若き公達
章時の怪我は幸い軽いもので数日は腕を動かすのが辛かったが、今はもう自由に動かせる。
腕をわざとブンブンと回して健全ぶりを見せつける章時だったが、高時はもう少し休むように言いつけて義信を連れて出ることにした。
先日、紅葉の宴に呼ばれた摂政家の息子が、急遽病で倒れた内大臣に代わってその地位に就任したとの知らせを受け、祝賀に伺うことにしていたのだ。
絹や珍しい玻璃の容れ物、その他茶道具などを持って左大臣家の門をくぐる。
摂政は権謀の渦巻く宮廷にありながら、意外と付き合いやすい溌剌とした性質で、高時は京に拠点を置いた時から割合親しく付き合ってきた。
だがその息子には会った事がなかった。
半分下ろした御簾の向こうに座るのが、今年十八になる藤原輝道、摂政の長男にして、この若さで有り得ないほどの地位を受け継いだ青年だ。
高時からは顔は見えないが、上品な絹の袴が見えている。
摂政は高時と義信に向けて機嫌の良い顔で笑いかける。
年は五十をいくらか過ぎているが、まだまだ若やいで凛々しい顔立ちが好感を持たせる。
「いやいや、龍堂殿のお持ち下さる品々はまことにお珍しい物ばかりで、本当に眼福ですな。この度はこの輝道の叔父、つまり私の弟が急に病に倒れたために、このような栄誉を頂いて、私は幸せ者にございます。それもこれも息子と帝は幼少より仲良く育ったからでございます」
今の帝はこの摂政の長女が生んだ。
つまり帝は孫であり、年は輝道が一つ年下ではあるが、帝とは叔父と甥の間柄となる。
先の帝である院が勢力を持ち、関白や大臣どもがそちらにばかり従う中、身近な味方を囲みたいとの帝の意図がみえる大抜擢人事であった。

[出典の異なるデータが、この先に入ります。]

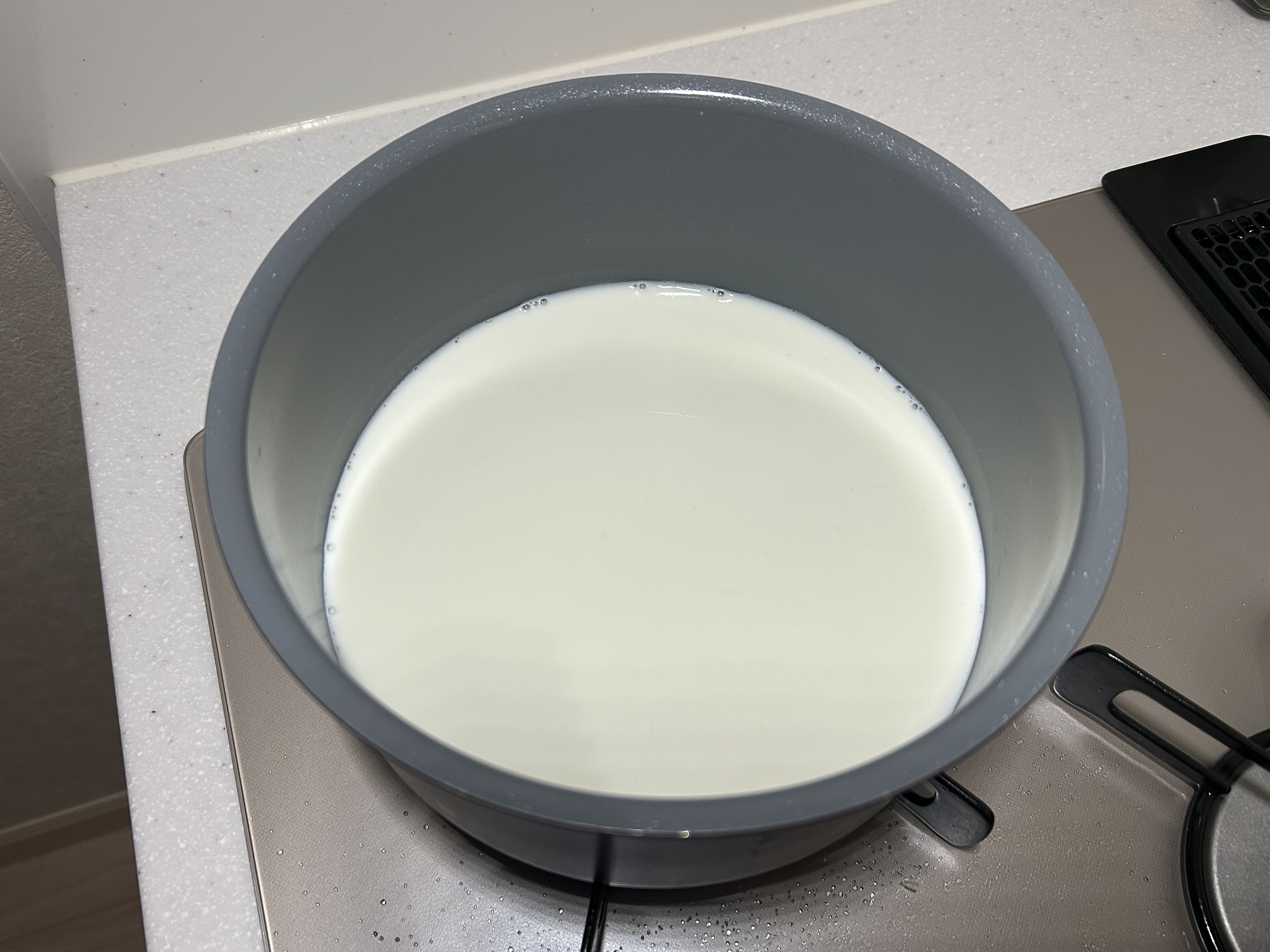 ![]() | 2.牛乳を温める 牛乳にグラニュー糖を加え、グラニュー糖が溶けるまで温める。 |

「父様、そのように媚びへつらってばかりでは龍堂殿も退屈いたしましょう」
御簾の内から涼やかな声が摂政の言葉を遮る。その声音は冷ややかだ。
僅かに義信の眉が跳ねた。
「ははは、この通り息子は少々歯に衣を着せぬ性質でございますが、今後とも宜しくお付き合いください」
「いや、はっきりと物が言える方のほうが人としては付き合いやすい。よいご性質ではありませぬか」
快活に笑う高時に摂政は安堵したのか、返礼の品を用意するために少し席を外した。
対面する御簾の向こうの青年が、父親の背中を見送ってから冷たい声で告げた。
「私は武家のような武張った方々が嫌いです。今後お付き合いなど御免被りたいところですが、今の世ではそうも行かないのが現状。帝の御為にも宜しくお願いします、とでも申し上げましょう」
辛辣な言葉を投げつける。それでも高時は口元に笑みを浮かべた。
「それはそれは、奇遇にございますな。私もお高くとまった公卿の方々など好きにはなれませぬものでね、これも付き合いと仕方なく割り切っておりますれば、宜しくお願いしますとでも申し上げましょうか」
くつくつ、と笑う気配がして、しゅるりと衣擦れの音をさせて身動きした。
「ふふ、よう言うてくださいますな。さすがその若さで多くの国を従えるだけのご器量だ。親も兄弟も喰らう龍の子ですね」
「はい」
過去を抉るような嫌味にも眉一つ動かさずに、思わず人を惹きつける凛々しくも魅力的な笑みを浮かべて高時はゆっくりと少し頭を下げる。
「恐ろしき龍なれば、お気を付けくださいますように」
「……ほう。ならばそのお顔、しかと見させていただいておきましょう」
パチリと扇を閉じる音と共に衣擦れの音をさせて半分まで下ろされた御簾を上げて輝道が姿を現した。
座る二人を見下ろすその青年の顔を見上げた途端、高時も義信も凍り付いた。
涼やかな印象的な目元はこちらを蔑むように冷ややかに見下ろしている。整った顔は父親にいくらか似ているが、印象は氷を思わせる冷たい美貌だった。
だが何よりも似ていたのだ。
「……バカな!」
義信の呻き声に続いて高時が呟きを漏らす。
「……さ……朔夜か?」
こちらを見上げたままで愕然としている二人の様子に輝道が眉を寄せる。その訝しげな表情が一層朔夜にそっくりだった。